Sempre me soou a voz de merceeira malvada. Carrancuda, modos grosseiros e sem sorrisos, D. Ma. fez parte dos meus medos de infância.
Como eu temia aquela mulher que arfando com todo o peso do seu corpo, se debruçava sobre o balcão lambendo os dedos para desfolhar os débitos. Enterrados na gordura esférica do seu rosto, assustavam-me os seus olhos negros espelhando cifrões de carvão, enquanto somava ágil as parcelas. Não errava um centavo. Como eu a detestava! Obrigava-me a ficar ali, à espera de vez. Eu, uma criança que obedecia a um recado de sua mãe. No meu silêncio, repetia e memorizava as duas ou três coisas da pequenina lista de mercearia enquanto apertava com força os escudos guardados numa das mãos. Nos dias quentes, evitava olhar para o prato de azeite pejado de moscas, esquecido a um canto. Revoltava-se o meu pequenino estômago e, o medo crescia a par daquele nojo, mas nunca desisti.
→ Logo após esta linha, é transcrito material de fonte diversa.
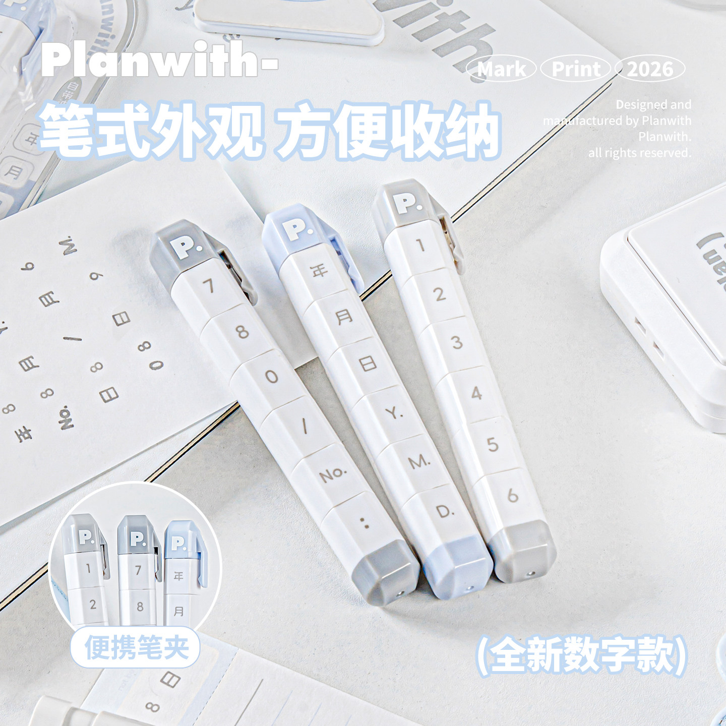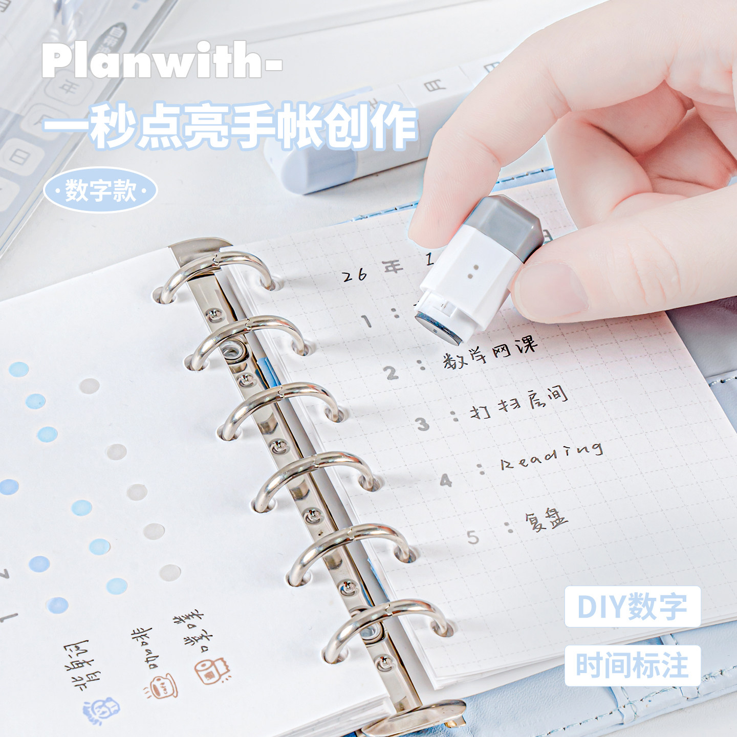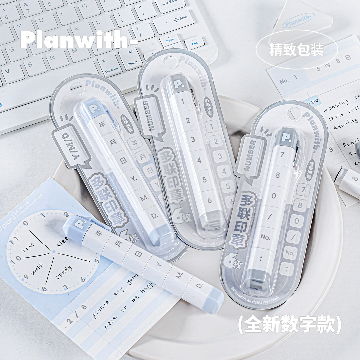 📚 Planwith笔式六联印章数字款自带油墨旋转可拆卸学生用印计划多联印章年月日生活记录手帐素材打卡图章

Era o medo e ao mesmo tempo o desafio de o tentar superar. Os meus olhos rasavam o balcão alto de mármore encardido que suportava metade do peso pendido da sua dona e uma balança de esmalte branca. De um lado, o prato de aço, do outro, a base para os pesos. Tudo era pesado ao grama. Tudo era avulso e tudo se pagava.
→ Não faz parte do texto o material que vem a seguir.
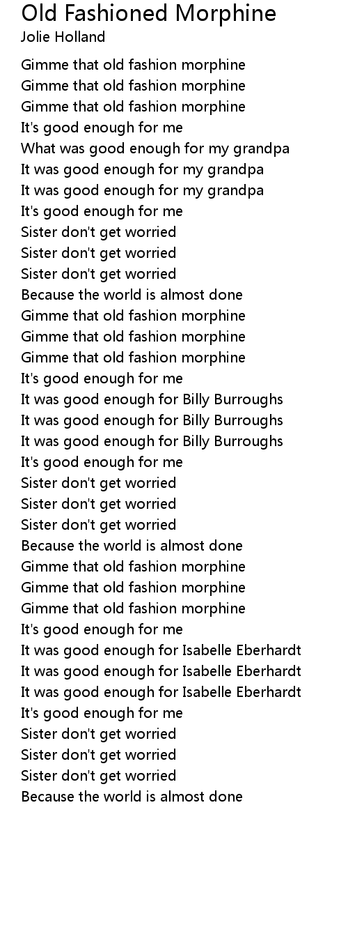 Gimme that old fashion morphine |

O tempo foi passando, eu cresci e o medo desapareceu. D. Magna moderou os modos para poder competir com o minimercado ao lado da sua mercearia porque a inveja a corroía. Um dia, e ainda no século XX, os sorrisos apareceram naquela boca já velha. Quando esse dia chegou, nunca mais parou de sorrir e tudo ficou diferente. As portas fecharam-se e só se abriam para passeios de mão dada com uma espécie de ama. Arreganhava-se ao mundo sem saber porquê.
Do medo que eu senti em criança, apenas estas vagas recordações e a surpresa de um final inesperado. Jamais pensara que D. Ma. viria a conjugar um sorriso de louca e um porte sereno.